Из интервью Виктора Норкина, «Культура. Свежая газета» № 3(70) , 2015.

Нередко картинам Вана свойственна деметафоризация: на одной работе ландшафт под лунным светом в буквальном смысле горит (растения охвачены пламенем), на другой – солдаты идут по лезвию сабли, третья наглядно демонстрирует витание в облаках, четвёртая – младенца на капустном листе…

Ещё один характерный признак авторского почерка можно определить как «эффект подзорной трубы»: с одной и той же точки просматривается разный масштаб, как будто часть изображаемого мы видим через подзорную трубу или бинокль. А может быть, наоборот, мы смотрим на все объекты невооружённым глазом, но с разных точек и в разное время. Границы пространственно-временного континуума этой вселенной зыбки, он безграничен и разнонаправлен, но при этом ухитряется сохранять целостность. Возможно, за счёт того, что в нём очень мало статики: стрелы, облака, глаза, цветы, велосипеды – всё это летит, плывёт, реет, колеблется, трепещет, мерцает… Здесь вечность – это не отсутствие времени, а поливариантность взаимодействия с ним. В гипертексте этой эстетики – Льюис Кэрролл и Курт Воннегут, Кира Муратова и Терри Гиллиам, Лев Шестов и Владимир Бибихин.

«Когда мы видим картины Вана, мы думаем, мы говорим, мы пишем: день прошел. Прошел-прошел день, год, век, а с ним все призраки, мешавшие видеть (главное). Видеть основное. Мешавшие видеть существенное. В конце дня, в конце века есть точки-звезды, есть охотник зеленой луны, который крутит невидимые педали своего “железного коня”, и моя маленькая комната до краев наполнена ожиданием: еще одно бесшумное движение велосипедного колеса, еще одно мигание подводной звезды и охотник найдет то, что искал, найдет себя и свою луну в холодном озере, в окне-огне, в беспечальной своей остановке оставив нам луну и круглую, и глупую, и желтую».

«Уже поздно, уже темно, уже вечернее извержение заката слизнула коротким языком кошка с закрытыми глазами, кошка с сонливым ночным хвостом: кошка».

Руслан Надреев, «Большое время», 1991 г.

Серия иллюстраций Вана к роману Руслана Надреева (Марсовича) «Крылатый львун» дарит нам ещё один лейтмотив многих работ художника – изображение, собственно, львуна – антропоморфного существа, полульва-получеловека (полуангела?). Возможно, львун – это вариант прочтения образа сфинкса, хранителя отгадок на главные вопросы «жизни, вселенной и вообще»…

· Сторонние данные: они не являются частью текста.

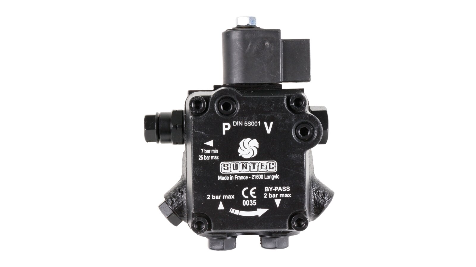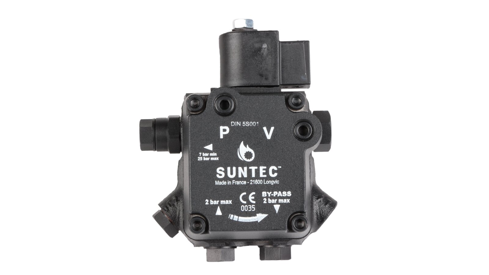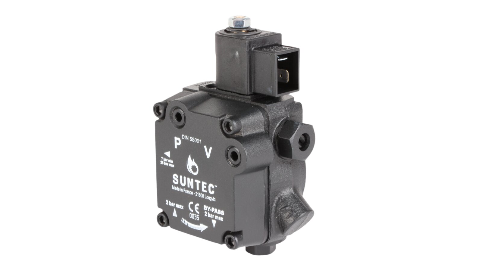 The electromagnetic valve closes the diesel fuel drain line. The Suntec pump is installed in one-pipe or two-pipe systems. When using a single-pipe system, remove the bypass plug and close the drain hole.

Книга «Летать и плавать». Автор Руслан Марсович (Надреев). Иллюстратор — Виктор Норкин. 

Ещё одна удивительная особенность живописи Вана – в осознании того, что иногда художнику бывает недостаточно быть только художником. Следствие этого – тексты, помещённые непосредственно на полотне. Например, вот такая сказка:

«Сказка про Вана, который один раз как-то проснулся, вышел из дома и оказался в розовом лесу под большими белыми деревьями и под небом со звездами. А под окнами текла белая река с зелеными рыбками. А над крышей его дома пролетали маленькие фиолетовые мушки. И что-то кричали ему, т. е. Вану. Но кричали очень тихо, так прям их еле-еле расслышишь. “А почему такой лес-то?” – он их спросил. – “Так это розовая тучка пролетела, – мушки ответили. – Ты видишь, какой сильный дождик был, он на речке вон еще три бульки с кругами оставил, и дым в трубе твоего дома потушил”. И Ван испугался: “Как потушил, я же замерзну!” – “Да нет, –  успокоили его мушки, – не бойся, в розовом лесу с белыми деревьями и со звездным небом, с белой речкой и зелеными рыбками не бывает ни зимних морозов, ни морозных зим”».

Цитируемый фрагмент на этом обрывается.